Just picked this system up, 

-I can't get video from the HD cable box(rogers) va HDMI ? 
I run HDMI from the box to the AVR then HDMI out to the TV, i get sound put no video (TV is Pioneer Kuro PDP-5020FD)


-Why do some of my sound setting sound like i am in a tin can?
-some time i have no voices but sound


I will start with this i have more questions


----------



## eugovector (Sep 4, 2006)

Does the onkyo come with a setup mic and have you run the auto setup?


----------



## nova (Apr 30, 2006)

My first thought would be a handshake issue, try turning components on in a different order and see if that changes anything.
Second thought would be to hook up an HDMI cable from the cable box directly to the TV and see if that works.


----------



## Blu (Sep 5, 2008)

eugovector said:


> Does the onkyo come with a setup mic and have you run the auto setup?
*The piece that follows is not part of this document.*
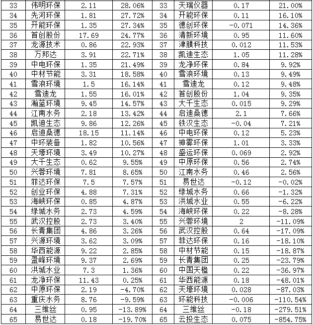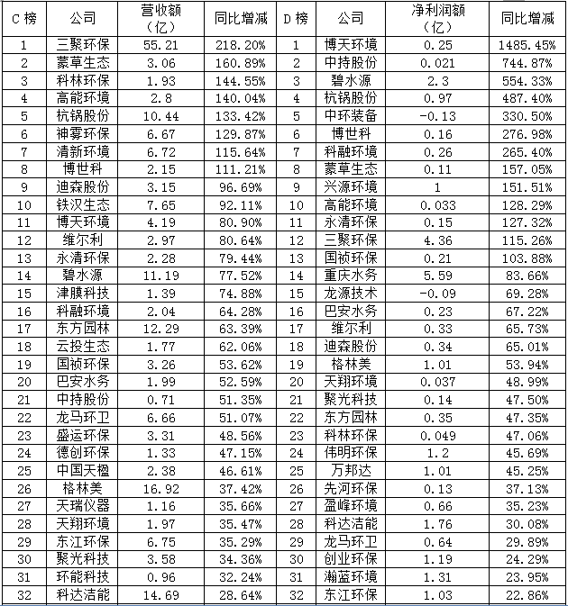 中環(huán)裝備凈利潤虧損0.13億元,居然還能位于D榜的第五,扭虧為盈的能力讓人佩服。不過凈利潤增長主要是子公司中節(jié)能六合天融環(huán)??萍加邢薰经h(huán)境監(jiān)測與大數(shù)據(jù)、大氣治理業(yè)務(wù)收入同比增長。而虧損的原因則是傳統(tǒng)脫硫脫硝業(yè)務(wù),相對毛利率較低,并且裝備制造業(yè)務(wù)板塊整體利潤同比降低。

No i don't have a setup mic, i think i did do the auto set up...but will try again....


----------



## Blu (Sep 5, 2008)

nova said:


> My first thought would be a handshake issue, try turning components on in a different order and see if that changes anything.
> Second thought would be to hook up an HDMI cable from the cable box directly to the TV and see if that works.


I think its the cable box? my bluray plays movies in the same input with HDMI on the same setup.

Yes the cable box to TV works HDMI....


----------



## Blu (Sep 5, 2008)

Hey Guys,
Still nothing on the cable box to AV (hdmi) to TV i get sound but still no pic? amy ideas?


----------